* _Task prompt_
Below is a listing with pictures in it; transcribe exactly the lines from the one that has "从数据的角度看属性是一个键值" through the one that has "A24. retr. .", and omit those pictures.

* _The data_
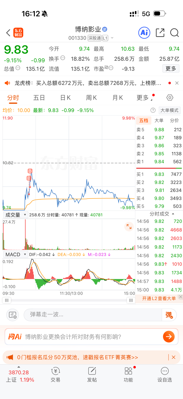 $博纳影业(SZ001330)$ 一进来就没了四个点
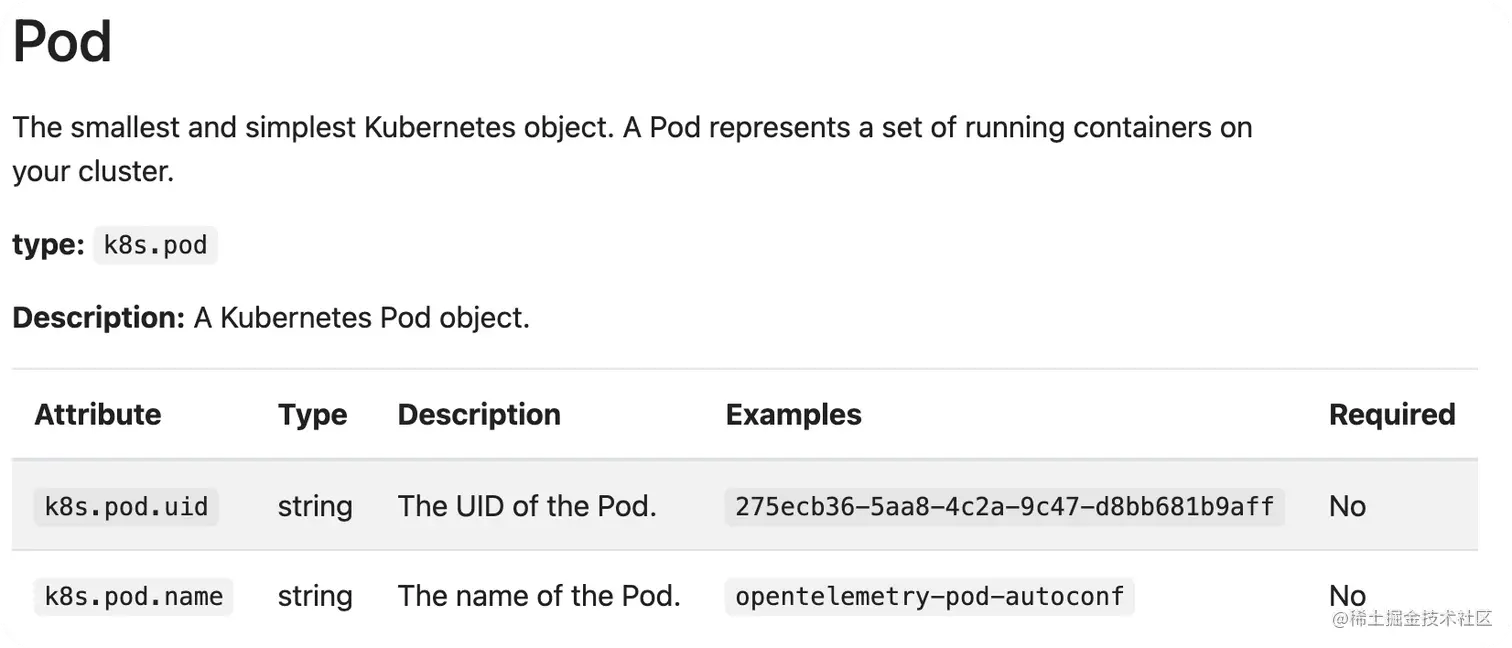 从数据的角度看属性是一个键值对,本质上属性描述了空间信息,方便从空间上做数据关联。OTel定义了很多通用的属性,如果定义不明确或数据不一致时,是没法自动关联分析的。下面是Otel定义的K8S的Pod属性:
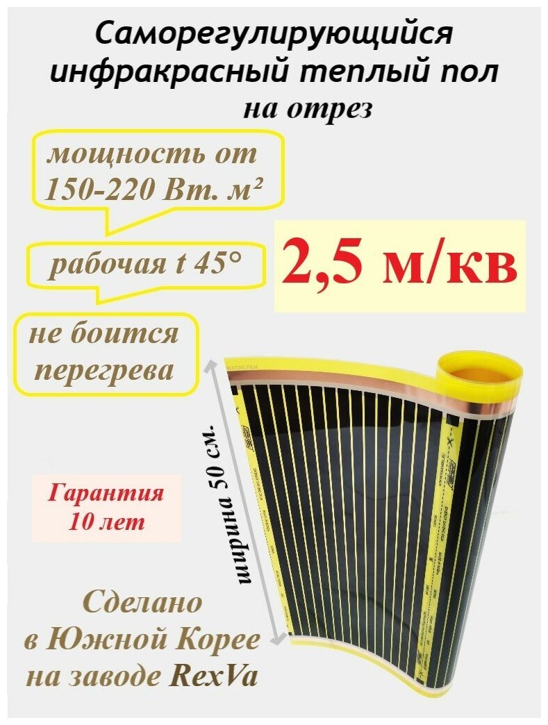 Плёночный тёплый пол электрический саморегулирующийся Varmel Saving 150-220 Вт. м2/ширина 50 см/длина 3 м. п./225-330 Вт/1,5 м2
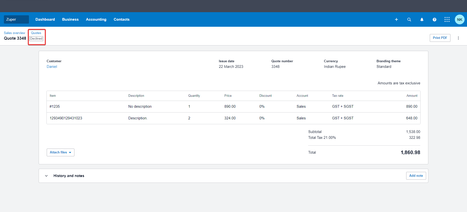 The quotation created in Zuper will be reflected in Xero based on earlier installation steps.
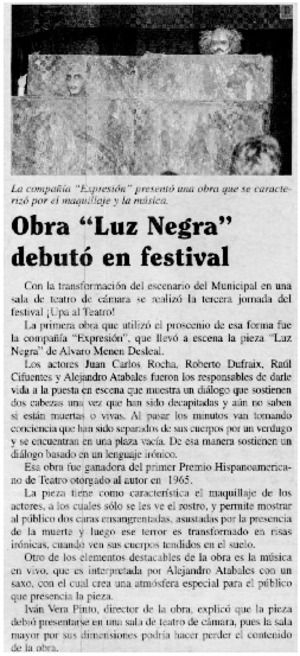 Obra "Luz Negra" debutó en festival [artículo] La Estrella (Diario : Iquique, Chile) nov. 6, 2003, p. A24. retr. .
...
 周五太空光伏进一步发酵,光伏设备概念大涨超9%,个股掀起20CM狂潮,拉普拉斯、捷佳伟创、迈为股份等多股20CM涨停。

* _Solved problem_
 从数据的角度看属性是一个键值对,本质上属性描述了空间信息,方便从空间上做数据关联。OTel定义了很多通用的属性,如果定义不明确或数据不一致时,是没法自动关联分析的。下面是Otel定义的K8S的Pod属性:
 Плёночный тёплый пол электрический саморегулирующийся Varmel Saving 150-220 Вт. м2/ширина 50 см/длина 3 м. п./225-330 Вт/1,5 м2
 The quotation created in Zuper will be reflected in Xero based on earlier installation steps.
 Obra "Luz Negra" debutó en festival [artículo] La Estrella (Diario : Iquique, Chile) nov. 6, 2003, p. A24. retr. .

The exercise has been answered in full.